Content starts

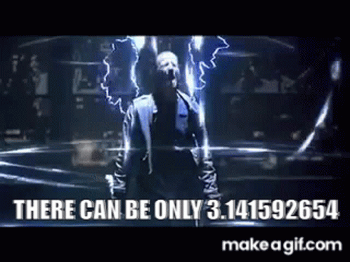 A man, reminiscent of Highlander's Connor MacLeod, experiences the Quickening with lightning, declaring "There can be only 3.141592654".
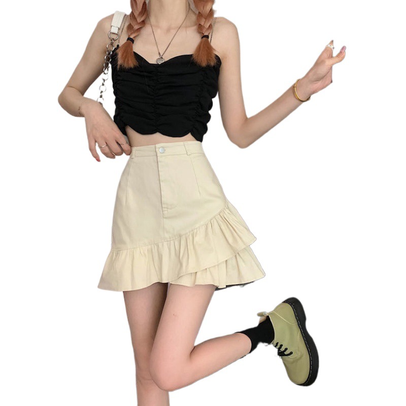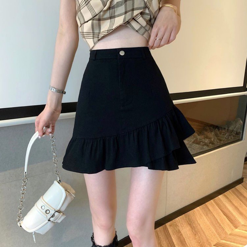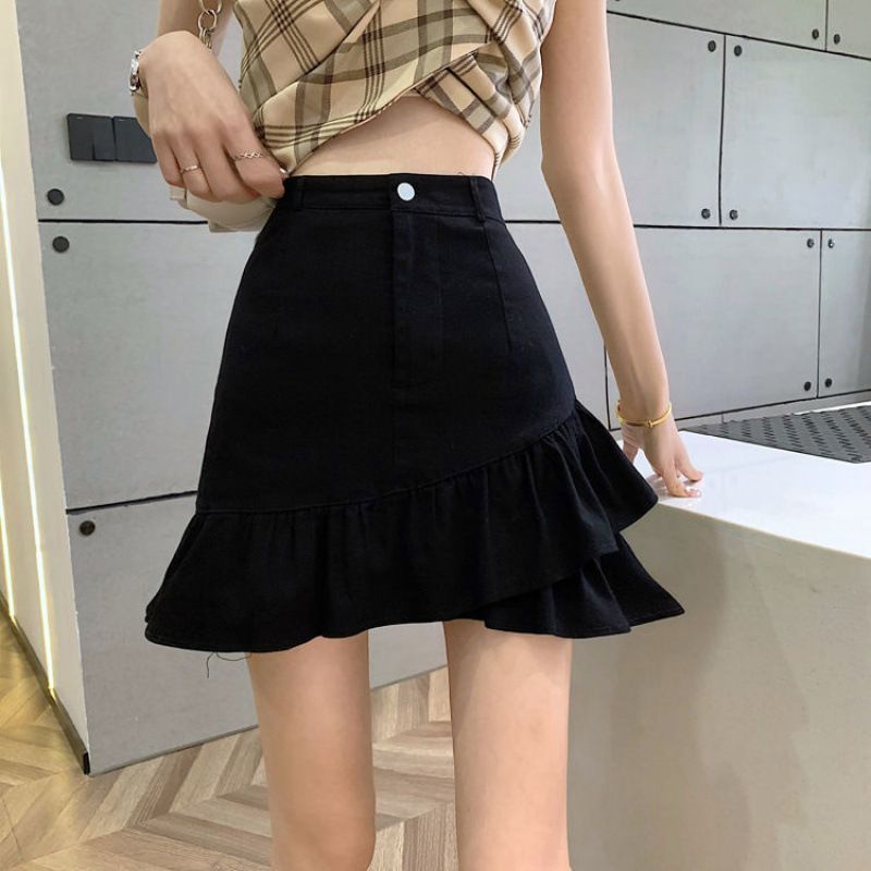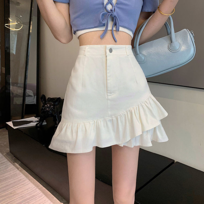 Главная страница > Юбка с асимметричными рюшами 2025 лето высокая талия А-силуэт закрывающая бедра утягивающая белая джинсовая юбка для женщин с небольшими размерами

Content ends
Content starts

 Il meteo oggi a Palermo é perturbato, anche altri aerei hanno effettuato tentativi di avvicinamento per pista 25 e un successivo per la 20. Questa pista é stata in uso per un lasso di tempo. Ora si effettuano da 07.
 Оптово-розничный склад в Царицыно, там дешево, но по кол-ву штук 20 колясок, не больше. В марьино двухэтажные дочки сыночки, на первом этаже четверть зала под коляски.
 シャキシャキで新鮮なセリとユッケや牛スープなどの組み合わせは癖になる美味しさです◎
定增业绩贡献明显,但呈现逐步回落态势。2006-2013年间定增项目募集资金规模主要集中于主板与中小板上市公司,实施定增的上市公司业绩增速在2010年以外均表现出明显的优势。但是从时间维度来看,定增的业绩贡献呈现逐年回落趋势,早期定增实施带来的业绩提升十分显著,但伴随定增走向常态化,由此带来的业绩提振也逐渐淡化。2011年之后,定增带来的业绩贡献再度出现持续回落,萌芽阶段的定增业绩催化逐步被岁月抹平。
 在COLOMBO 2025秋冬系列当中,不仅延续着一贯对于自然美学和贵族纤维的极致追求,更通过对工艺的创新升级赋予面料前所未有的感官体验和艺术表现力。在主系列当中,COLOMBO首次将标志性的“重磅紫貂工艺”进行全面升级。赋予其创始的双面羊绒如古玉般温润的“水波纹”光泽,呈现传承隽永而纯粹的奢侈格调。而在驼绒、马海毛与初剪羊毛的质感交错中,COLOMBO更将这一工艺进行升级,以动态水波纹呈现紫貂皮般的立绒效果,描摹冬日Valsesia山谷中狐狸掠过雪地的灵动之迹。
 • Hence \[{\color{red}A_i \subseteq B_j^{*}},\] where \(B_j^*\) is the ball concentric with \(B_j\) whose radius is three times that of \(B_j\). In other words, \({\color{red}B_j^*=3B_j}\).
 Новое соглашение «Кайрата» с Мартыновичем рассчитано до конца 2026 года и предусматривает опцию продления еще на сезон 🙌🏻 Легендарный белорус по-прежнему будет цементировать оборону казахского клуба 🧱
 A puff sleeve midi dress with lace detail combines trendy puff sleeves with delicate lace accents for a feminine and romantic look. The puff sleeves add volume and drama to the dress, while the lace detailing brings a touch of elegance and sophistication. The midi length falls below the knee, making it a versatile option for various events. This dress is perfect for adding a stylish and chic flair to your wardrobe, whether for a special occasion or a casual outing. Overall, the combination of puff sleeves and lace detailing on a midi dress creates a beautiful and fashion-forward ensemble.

Content ends

- **Work to be completed**
Your task for the entries above: copy exactly the span starting with the line with "Il meteo oggi" and going on through the line with "在COLOMBO 2025秋", both lines included, and nothing else.

- **Response**
 Il meteo oggi a Palermo é perturbato, anche altri aerei hanno effettuato tentativi di avvicinamento per pista 25 e un successivo per la 20. Questa pista é stata in uso per un lasso di tempo. Ora si effettuano da 07.
 Оптово-розничный склад в Царицыно, там дешево, но по кол-ву штук 20 колясок, не больше. В марьино двухэтажные дочки сыночки, на первом этаже четверть зала под коляски.
 シャキシャキで新鮮なセリとユッケや牛スープなどの組み合わせは癖になる美味しさです◎
定增业绩贡献明显,但呈现逐步回落态势。2006-2013年间定增项目募集资金规模主要集中于主板与中小板上市公司,实施定增的上市公司业绩增速在2010年以外均表现出明显的优势。但是从时间维度来看,定增的业绩贡献呈现逐年回落趋势,早期定增实施带来的业绩提升十分显著,但伴随定增走向常态化,由此带来的业绩提振也逐渐淡化。2011年之后,定增带来的业绩贡献再度出现持续回落,萌芽阶段的定增业绩催化逐步被岁月抹平。
 在COLOMBO 2025秋冬系列当中,不仅延续着一贯对于自然美学和贵族纤维的极致追求,更通过对工艺的创新升级赋予面料前所未有的感官体验和艺术表现力。在主系列当中,COLOMBO首次将标志性的“重磅紫貂工艺”进行全面升级。赋予其创始的双面羊绒如古玉般温润的“水波纹”光泽,呈现传承隽永而纯粹的奢侈格调。而在驼绒、马海毛与初剪羊毛的质感交错中,COLOMBO更将这一工艺进行升级,以动态水波纹呈现紫貂皮般的立绒效果,描摹冬日Valsesia山谷中狐狸掠过雪地的灵动之迹。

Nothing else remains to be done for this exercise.